HABITUACIÓN, CUAL CEBOLLA RECIÉN PICADA – PARTE V

V.

Conocí a un hombre sabio

que siempre llevaba consigo un colador.

Era su colgante, su única reliquia

de una vida anterior.

Lo lucía orgulloso

sobre su pecho,

atado a una cuerda casi raída;

casi como él, casi descolorido,

pero vivo entre sus cuerdas palabras,

al igual que su hermano, el colador.

Lo utilizaba

cada vez que meaba

contra una pared cualquiera

mientras se salpicaba descuidado

sus deportivos ya rasgados.

Colaba entonces su propia orina,

librándola así de toda impureza.

Luego lameteaba su propia purga

antes de encender un cigarrillo,

uno de esos que mendiga muy digno

a cualquier fumador que se cruza en su camino.

Si el futuro al final resulta que existe,

ese era yo, entonces, una vez liberado mi lastre.

Hurga en mi herida

con una vara sucia de tu estima

hacia aquél que te idolatró

con excesiva vehemencia.

Ni siquiera me hace daño,

no siento el dolor físico,

no noto los pinchazos de tu ausencia;

me dejo llevar por la mansa corriente

de los días que pasan,

de cada segundo malgastado

en distracciones malsanas.

Si me detengo, me duele.

Si continúo, me hiere.

Si vivo, padezco,

y si padezco en ti,

resulta que soy humano,

a fin de cuentas.

Si me uno a la manifestación

de los sin Dios,

seré un descastado sin más;

pero si permanezco

atado y bien atado a mi propio desvarío,

entonces seré un descerebrado,

de ésos que luchan por lo que creen justo,

de ésos que se desviven por los demás,

de ésos que ocultan su egoísmo

tras las sombras en reuniones multitudinarias,

sin resultados aparentes,

sin cambiar para nada los vaivenes de este mundo loco.

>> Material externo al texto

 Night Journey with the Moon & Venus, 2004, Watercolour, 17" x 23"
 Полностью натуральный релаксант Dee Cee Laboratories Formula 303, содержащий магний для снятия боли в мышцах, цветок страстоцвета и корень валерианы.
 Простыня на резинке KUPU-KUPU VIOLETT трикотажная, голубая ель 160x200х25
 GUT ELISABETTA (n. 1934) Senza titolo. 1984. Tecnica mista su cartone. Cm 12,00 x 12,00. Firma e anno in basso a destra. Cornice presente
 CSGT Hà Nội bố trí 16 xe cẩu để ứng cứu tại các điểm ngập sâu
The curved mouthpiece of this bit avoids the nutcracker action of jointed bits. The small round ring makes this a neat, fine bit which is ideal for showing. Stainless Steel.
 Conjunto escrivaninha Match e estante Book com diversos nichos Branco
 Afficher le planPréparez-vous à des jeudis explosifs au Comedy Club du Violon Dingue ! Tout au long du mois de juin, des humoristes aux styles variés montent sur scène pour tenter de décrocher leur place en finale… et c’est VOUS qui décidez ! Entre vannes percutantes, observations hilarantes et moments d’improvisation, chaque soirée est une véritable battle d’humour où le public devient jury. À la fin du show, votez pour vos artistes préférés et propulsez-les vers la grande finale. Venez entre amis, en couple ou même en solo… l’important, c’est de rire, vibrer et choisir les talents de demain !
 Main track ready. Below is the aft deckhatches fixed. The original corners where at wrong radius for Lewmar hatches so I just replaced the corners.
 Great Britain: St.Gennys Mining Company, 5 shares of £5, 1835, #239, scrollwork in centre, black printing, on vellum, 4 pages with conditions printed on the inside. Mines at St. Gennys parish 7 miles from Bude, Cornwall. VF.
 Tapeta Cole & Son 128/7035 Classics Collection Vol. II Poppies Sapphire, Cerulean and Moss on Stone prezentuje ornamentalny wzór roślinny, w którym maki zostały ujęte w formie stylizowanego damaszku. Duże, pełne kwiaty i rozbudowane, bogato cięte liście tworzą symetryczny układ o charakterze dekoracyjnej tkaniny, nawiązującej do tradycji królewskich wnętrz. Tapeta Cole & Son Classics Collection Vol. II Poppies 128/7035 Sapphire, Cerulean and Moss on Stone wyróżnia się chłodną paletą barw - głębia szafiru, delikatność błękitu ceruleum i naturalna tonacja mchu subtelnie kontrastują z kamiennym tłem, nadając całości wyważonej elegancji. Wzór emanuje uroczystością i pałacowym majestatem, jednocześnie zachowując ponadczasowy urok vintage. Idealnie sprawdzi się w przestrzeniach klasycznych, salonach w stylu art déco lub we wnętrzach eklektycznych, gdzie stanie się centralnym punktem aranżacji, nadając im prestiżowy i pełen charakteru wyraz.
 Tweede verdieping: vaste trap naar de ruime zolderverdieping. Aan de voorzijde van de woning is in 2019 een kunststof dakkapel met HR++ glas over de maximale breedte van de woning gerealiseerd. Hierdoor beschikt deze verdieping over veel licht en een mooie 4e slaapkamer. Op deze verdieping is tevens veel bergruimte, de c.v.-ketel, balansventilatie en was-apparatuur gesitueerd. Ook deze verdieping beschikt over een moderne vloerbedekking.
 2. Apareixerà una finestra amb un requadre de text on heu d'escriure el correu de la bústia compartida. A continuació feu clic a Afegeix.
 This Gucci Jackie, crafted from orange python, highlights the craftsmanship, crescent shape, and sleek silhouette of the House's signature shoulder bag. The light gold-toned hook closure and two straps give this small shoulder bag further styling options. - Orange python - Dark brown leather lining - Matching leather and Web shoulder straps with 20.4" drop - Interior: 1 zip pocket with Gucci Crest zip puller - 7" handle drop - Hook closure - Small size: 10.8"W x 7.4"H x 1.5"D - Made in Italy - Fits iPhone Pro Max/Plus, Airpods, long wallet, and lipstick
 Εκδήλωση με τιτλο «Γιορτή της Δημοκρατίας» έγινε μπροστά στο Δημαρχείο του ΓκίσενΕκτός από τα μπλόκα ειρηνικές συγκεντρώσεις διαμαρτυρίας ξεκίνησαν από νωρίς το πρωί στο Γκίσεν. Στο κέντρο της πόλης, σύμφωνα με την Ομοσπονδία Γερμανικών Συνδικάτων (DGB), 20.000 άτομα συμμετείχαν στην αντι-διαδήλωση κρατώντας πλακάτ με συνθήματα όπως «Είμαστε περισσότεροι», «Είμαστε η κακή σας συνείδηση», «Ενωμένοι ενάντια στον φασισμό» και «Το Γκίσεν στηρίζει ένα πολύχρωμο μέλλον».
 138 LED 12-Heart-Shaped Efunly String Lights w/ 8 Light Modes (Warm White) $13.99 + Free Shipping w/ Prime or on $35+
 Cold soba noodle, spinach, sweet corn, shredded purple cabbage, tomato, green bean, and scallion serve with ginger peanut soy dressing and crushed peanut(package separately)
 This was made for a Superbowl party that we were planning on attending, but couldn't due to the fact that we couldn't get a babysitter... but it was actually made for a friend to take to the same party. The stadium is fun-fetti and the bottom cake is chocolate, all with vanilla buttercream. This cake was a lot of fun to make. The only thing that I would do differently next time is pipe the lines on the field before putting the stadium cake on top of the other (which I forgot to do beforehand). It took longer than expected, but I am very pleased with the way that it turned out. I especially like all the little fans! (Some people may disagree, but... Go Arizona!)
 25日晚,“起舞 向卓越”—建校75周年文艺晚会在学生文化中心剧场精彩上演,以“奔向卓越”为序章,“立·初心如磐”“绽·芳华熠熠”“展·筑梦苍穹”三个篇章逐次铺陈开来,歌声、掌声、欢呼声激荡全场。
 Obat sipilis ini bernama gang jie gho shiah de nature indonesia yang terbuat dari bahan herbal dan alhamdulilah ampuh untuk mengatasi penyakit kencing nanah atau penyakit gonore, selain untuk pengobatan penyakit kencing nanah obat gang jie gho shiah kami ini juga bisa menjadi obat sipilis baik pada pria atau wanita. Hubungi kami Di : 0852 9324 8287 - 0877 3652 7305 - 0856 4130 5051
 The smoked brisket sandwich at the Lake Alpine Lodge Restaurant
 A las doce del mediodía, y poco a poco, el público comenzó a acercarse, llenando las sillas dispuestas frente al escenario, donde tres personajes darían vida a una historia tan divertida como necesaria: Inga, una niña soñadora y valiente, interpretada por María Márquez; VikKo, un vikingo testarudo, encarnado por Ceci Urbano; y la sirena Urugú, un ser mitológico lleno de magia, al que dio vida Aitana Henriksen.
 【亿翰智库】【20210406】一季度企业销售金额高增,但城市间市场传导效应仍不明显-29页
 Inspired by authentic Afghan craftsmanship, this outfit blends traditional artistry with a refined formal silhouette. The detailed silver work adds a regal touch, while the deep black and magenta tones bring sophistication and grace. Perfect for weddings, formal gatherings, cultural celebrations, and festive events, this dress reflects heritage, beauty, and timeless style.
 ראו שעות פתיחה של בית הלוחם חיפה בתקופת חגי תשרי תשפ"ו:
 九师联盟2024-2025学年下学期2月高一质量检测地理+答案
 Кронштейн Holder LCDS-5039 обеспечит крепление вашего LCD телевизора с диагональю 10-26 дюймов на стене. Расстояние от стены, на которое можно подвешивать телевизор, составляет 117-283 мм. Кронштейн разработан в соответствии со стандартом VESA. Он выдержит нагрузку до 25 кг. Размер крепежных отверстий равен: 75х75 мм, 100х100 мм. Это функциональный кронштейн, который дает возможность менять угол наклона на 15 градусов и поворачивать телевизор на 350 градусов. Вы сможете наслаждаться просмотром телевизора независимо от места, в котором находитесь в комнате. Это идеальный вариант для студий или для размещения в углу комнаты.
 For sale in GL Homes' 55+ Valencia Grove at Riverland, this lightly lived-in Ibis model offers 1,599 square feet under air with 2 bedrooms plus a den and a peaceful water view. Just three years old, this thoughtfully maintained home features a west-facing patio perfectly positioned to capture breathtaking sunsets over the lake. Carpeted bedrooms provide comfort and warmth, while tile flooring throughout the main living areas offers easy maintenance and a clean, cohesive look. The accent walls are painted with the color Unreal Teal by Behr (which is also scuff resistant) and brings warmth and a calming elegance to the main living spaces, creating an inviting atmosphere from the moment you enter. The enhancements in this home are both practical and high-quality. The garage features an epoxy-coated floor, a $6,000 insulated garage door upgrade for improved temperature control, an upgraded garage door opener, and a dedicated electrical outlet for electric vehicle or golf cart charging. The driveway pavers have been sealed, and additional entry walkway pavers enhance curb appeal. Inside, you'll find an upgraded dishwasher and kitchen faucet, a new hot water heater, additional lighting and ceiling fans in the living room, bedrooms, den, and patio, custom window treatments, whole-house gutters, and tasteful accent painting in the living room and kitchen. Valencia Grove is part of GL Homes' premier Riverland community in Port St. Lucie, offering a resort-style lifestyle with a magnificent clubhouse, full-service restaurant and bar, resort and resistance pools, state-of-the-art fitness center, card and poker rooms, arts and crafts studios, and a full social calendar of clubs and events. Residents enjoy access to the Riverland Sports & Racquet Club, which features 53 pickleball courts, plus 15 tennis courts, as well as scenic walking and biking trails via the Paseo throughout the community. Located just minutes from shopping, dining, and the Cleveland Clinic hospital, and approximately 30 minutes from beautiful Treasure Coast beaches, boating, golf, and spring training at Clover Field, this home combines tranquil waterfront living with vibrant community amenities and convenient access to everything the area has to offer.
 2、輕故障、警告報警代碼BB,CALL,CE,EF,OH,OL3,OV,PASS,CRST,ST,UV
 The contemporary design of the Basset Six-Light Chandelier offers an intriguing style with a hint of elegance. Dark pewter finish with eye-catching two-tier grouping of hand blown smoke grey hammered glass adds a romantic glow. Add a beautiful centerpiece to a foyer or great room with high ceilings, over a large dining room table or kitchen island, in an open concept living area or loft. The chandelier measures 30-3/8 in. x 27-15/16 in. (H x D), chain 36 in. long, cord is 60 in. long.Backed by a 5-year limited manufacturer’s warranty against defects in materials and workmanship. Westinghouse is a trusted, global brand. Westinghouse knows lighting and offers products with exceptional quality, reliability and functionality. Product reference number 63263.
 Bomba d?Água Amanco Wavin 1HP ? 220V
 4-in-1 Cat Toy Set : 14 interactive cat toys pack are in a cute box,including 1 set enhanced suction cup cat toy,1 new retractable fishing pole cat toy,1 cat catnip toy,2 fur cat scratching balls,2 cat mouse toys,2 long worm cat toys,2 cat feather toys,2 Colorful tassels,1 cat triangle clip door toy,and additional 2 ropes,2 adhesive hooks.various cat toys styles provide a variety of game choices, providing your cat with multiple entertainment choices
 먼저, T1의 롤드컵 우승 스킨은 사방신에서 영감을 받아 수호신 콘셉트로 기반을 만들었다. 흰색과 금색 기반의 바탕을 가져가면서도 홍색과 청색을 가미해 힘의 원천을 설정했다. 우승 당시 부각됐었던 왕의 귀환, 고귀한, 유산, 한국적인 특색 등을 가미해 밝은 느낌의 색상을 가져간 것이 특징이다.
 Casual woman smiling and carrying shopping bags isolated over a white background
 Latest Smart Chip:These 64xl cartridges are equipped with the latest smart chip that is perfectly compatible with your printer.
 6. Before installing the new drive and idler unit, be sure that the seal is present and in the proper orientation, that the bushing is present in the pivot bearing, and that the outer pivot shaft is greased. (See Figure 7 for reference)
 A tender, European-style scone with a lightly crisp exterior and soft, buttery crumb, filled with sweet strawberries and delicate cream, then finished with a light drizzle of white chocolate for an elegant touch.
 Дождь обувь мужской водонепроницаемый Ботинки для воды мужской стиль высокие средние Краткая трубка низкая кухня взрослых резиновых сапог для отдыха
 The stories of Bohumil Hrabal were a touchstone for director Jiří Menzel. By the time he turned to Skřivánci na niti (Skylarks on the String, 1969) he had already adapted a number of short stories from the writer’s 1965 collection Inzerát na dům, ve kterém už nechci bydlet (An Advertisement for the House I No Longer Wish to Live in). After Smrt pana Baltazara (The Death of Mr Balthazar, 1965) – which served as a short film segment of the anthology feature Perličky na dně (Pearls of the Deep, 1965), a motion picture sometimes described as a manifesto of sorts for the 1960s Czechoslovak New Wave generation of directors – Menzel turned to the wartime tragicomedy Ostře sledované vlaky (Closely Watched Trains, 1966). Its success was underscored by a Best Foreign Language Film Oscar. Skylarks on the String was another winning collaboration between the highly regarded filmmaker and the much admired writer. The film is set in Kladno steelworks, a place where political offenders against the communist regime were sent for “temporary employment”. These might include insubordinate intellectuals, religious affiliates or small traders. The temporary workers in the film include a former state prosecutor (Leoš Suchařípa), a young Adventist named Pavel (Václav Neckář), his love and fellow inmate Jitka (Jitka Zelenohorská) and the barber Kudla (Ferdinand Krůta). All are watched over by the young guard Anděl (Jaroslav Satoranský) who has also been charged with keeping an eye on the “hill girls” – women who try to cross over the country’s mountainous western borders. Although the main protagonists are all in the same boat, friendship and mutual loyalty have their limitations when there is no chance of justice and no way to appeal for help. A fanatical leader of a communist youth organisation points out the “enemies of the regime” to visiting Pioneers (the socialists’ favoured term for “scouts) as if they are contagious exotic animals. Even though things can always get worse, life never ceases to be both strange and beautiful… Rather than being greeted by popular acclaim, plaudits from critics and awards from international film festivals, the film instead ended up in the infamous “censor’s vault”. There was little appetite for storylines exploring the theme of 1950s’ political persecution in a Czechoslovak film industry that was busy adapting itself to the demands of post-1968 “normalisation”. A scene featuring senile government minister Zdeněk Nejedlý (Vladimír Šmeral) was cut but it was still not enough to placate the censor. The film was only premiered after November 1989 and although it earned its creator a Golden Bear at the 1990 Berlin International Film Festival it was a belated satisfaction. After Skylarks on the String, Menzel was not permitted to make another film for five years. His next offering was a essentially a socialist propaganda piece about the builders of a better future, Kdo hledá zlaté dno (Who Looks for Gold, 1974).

Al menos ellos sí que saben lo que quieren,

lo que les mueve,

o quizá creen ciegamente que lo saben.

Yo, como el filósofo, no sé nada,

ni tengo conciencia,

ni la necesito apenas.

Basta una palabra tuya

para que me rinda sin condiciones.

Con sólo oírte respirar entrecortadamente,

me caigo del andamio de mi ego

para acabar estrellándome

contra el suelo de tu lúgubre displicencia.

Esta ventisca no me deja salir.

Me quedaré encerrado aquí,

sin ver a nadie,

sin encender siquiera una luz por las noches.

Aún reflejo signos de vida,

que no es miseria.

Aquel pensamiento positivo, salvador,

se ha diluido en el poso

de tantas tazas de café en días acumuladas;

sucias, sin necesidad de visitar

a su amiga agua.

Me sirvo otro sobre tu taza favorita,

aquella de los ositos navideños, ¿te acuerdas?,

e intento en vano que desaparezcas

mezclada con los frutos del café cargado,

de las cuatro cucharadas de azúcar,

de mi maldito insomnio,

de mis deseos de no cerrar jamás los ojos,

de mis deseos de facilitarles el trabajo a los cuervos

de tu traición sin límites.

Si piensas que me voy a hundir

en mi propio vómito,

estás muy equivocada.

Mi discurso, mi actitud ante mis monstruos,

van a cambiar radicalmente.

Mañana amanecerá,

y yo amaneceré con ella, con el alba,

y seré otro “YO”,

uno transfigurado,

irreconocible,

celosamente despreciable ante los grilletes

a los que tú crees haberme encadenado

de por vida.

Inútil, ya lo sabes, soy absolutamente inútil,

y eso te ciega, mientras que a mí…

a mí me produce una eterna sensación de felicidad.